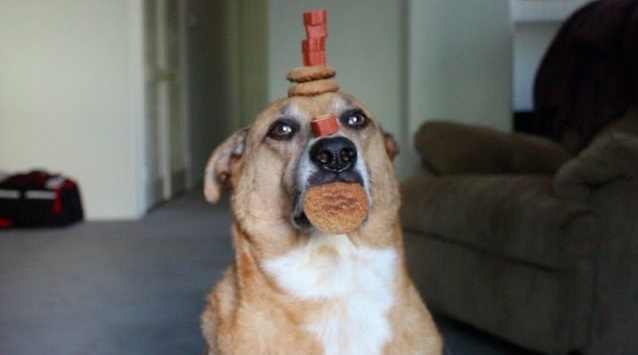 Clarku, pes je velmi disciplinovaný a pacient. Zde jeho šéf nám ukazuje, jak vyvážit různé pochoutky v hlavě s hroznou koncentrací, Při odolat pokušení pohltit je.
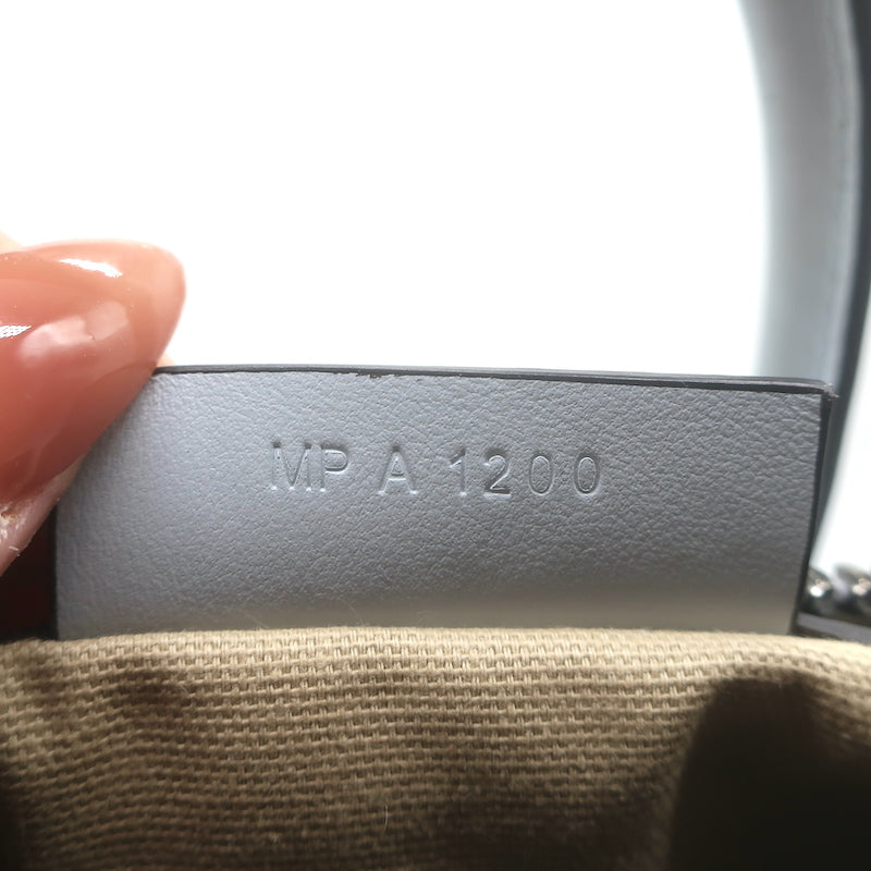Gently used. Good condition. 2 very faint scratches on front of bag and a few small scuffs on handles. Faint smudging on zipper tape. Very slight yellowing on front where right side of strap attaches to bag. Black smudging on tabs at ends of zipper. Light wear on zipper pull. Gray smudging on base tabs. Comes with dust bag. Retails for $1,990! Serial Number: MP A 1200
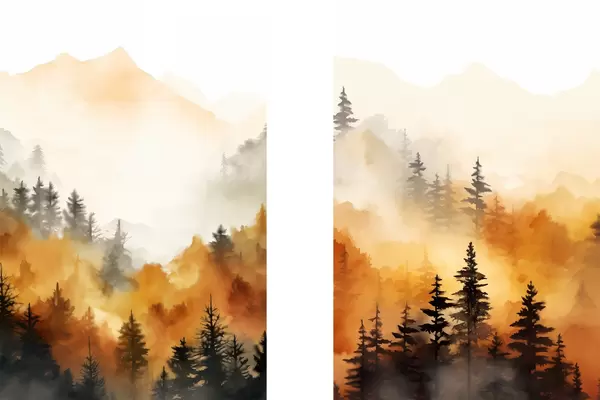 Poster Eine Landschaft Aquarell Malerei Nachahmung eines Waldes mit hohen Kiefern und Berge im Hintergrund Nr d00519
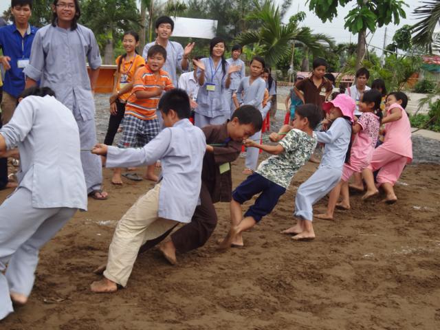 Sau đó, các bạn trẻ được tham gia cùng đồng đội với các trò chơi dân gian hào hứng, sôi nổi, thưởng thức phiên chơ quê hương do chính các em bày bán, hình ảnh đi khất thực của chư tôn đức, tái hiện lại khung cảnh tăng đoàn đi khất thực thuở xưa. Nhằm tạo duyên lành cho các tu sinh với Phật pháp, tập bố thí cúng dường, gieo duyên với Tam bảo. Các bạn trẻ thành kính dâng lên những thức ăn để cúng dường chư tăng bằng cả trái tim thành kính. Duyên lành với Tam Bảo được kết nối từ đây.
##########
* _EXERCISE DETAILS_
Please print the data above in its entirety, exactly, but without any picture.

* _COMPLETED TASK_
 Clarku, pes je velmi disciplinovaný a pacient. Zde jeho šéf nám ukazuje, jak vyvážit různé pochoutky v hlavě s hroznou koncentrací, Při odolat pokušení pohltit je.
Gently used. Good condition. 2 very faint scratches on front of bag and a few small scuffs on handles. Faint smudging on zipper tape. Very slight yellowing on front where right side of strap attaches to bag. Black smudging on tabs at ends of zipper. Light wear on zipper pull. Gray smudging on base tabs. Comes with dust bag. Retails for $1,990! Serial Number: MP A 1200
 Poster Eine Landschaft Aquarell Malerei Nachahmung eines Waldes mit hohen Kiefern und Berge im Hintergrund Nr d00519
 Sau đó, các bạn trẻ được tham gia cùng đồng đội với các trò chơi dân gian hào hứng, sôi nổi, thưởng thức phiên chơ quê hương do chính các em bày bán, hình ảnh đi khất thực của chư tôn đức, tái hiện lại khung cảnh tăng đoàn đi khất thực thuở xưa. Nhằm tạo duyên lành cho các tu sinh với Phật pháp, tập bố thí cúng dường, gieo duyên với Tam bảo. Các bạn trẻ thành kính dâng lên những thức ăn để cúng dường chư tăng bằng cả trái tim thành kính. Duyên lành với Tam Bảo được kết nối từ đây.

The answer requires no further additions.